▶ [YOUR OBJECTIVE]: Skipping any pictures, repeat exactly and only the lines from the one that holds "وجه النائب أحمد" to the last line of the material, both included.
+ + + + +
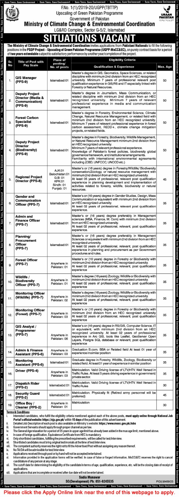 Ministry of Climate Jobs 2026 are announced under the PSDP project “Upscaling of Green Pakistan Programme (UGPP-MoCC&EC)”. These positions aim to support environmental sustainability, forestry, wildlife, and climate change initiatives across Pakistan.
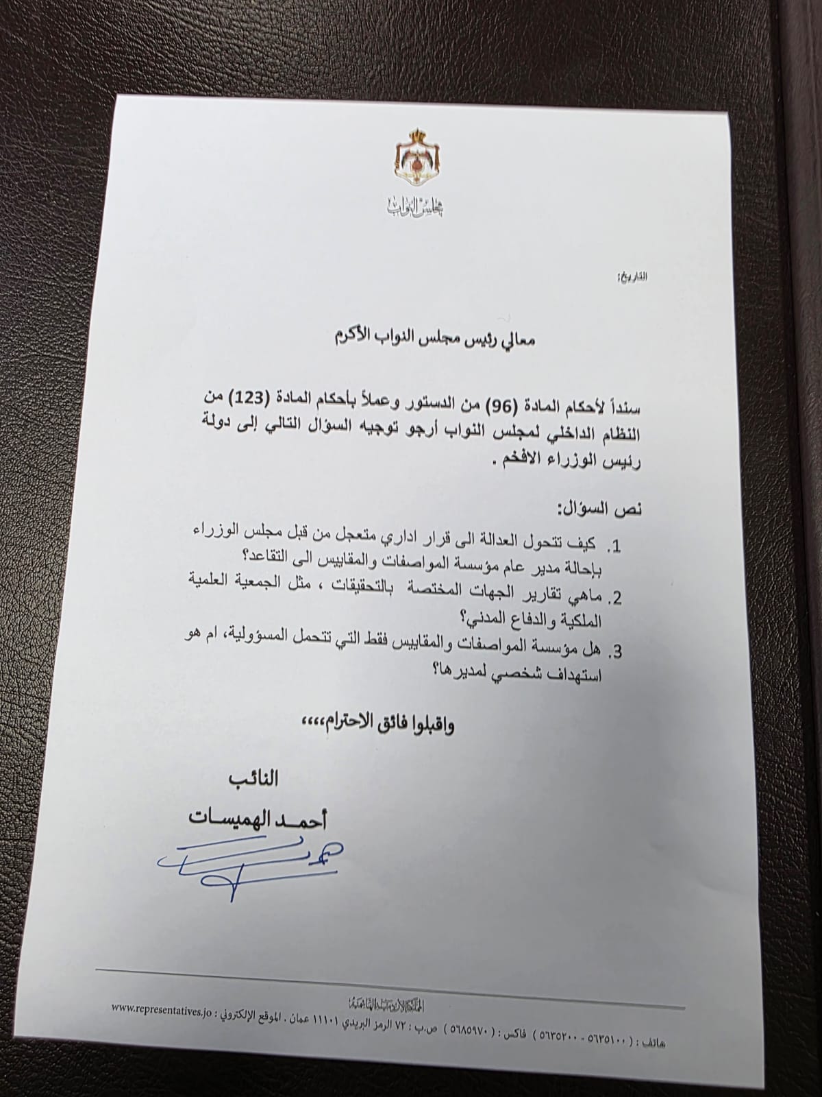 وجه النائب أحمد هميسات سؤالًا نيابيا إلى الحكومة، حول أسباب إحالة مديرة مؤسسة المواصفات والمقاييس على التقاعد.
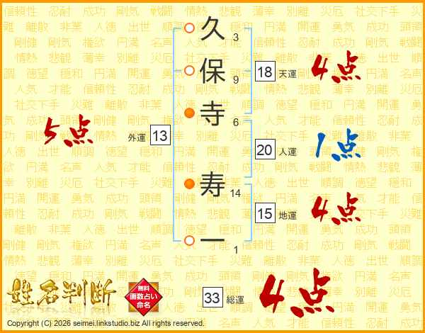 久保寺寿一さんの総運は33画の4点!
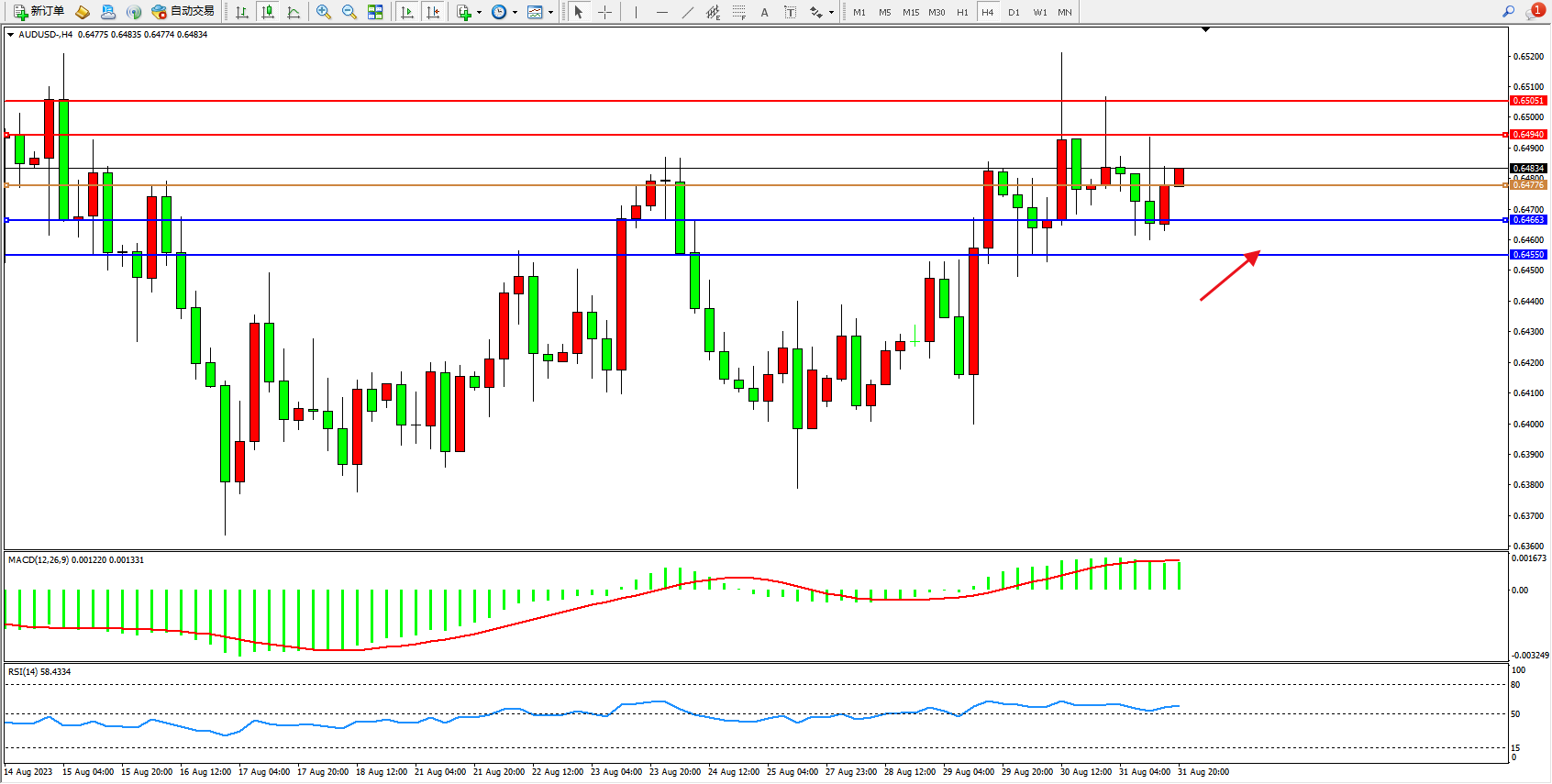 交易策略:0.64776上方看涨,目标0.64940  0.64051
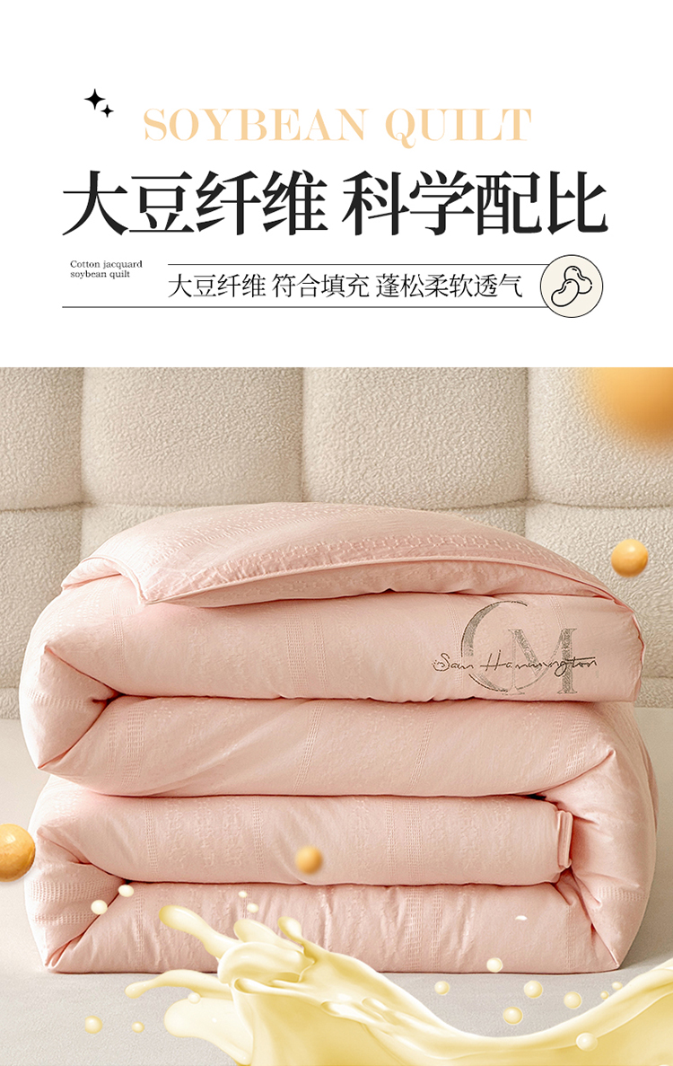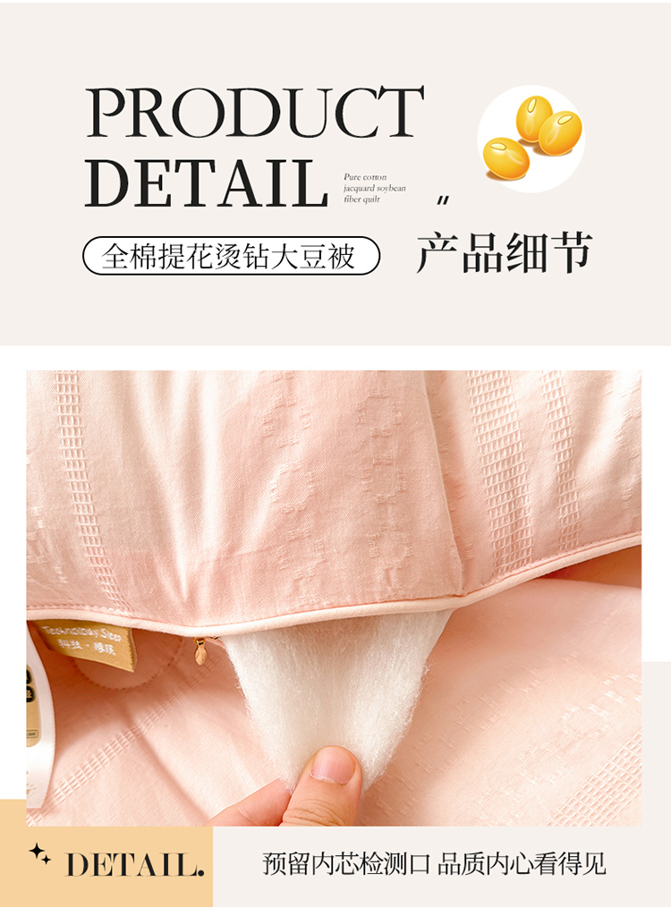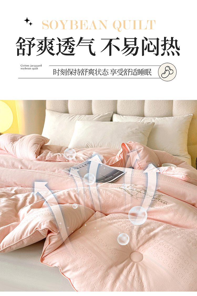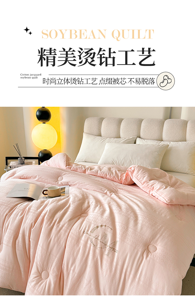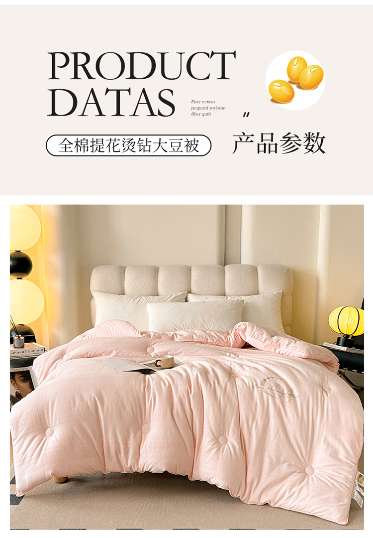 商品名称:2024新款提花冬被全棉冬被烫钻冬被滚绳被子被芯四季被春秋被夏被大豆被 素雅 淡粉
+ + + + +
▶ [ANSWER BELOW]:
 وجه النائب أحمد هميسات سؤالًا نيابيا إلى الحكومة، حول أسباب إحالة مديرة مؤسسة المواصفات والمقاييس على التقاعد.
 久保寺寿一さんの総運は33画の4点!
 交易策略:0.64776上方看涨,目标0.64940  0.64051
 商品名称:2024新款提花冬被全棉冬被烫钻冬被滚绳被子被芯四季被春秋被夏被大豆被 素雅 淡粉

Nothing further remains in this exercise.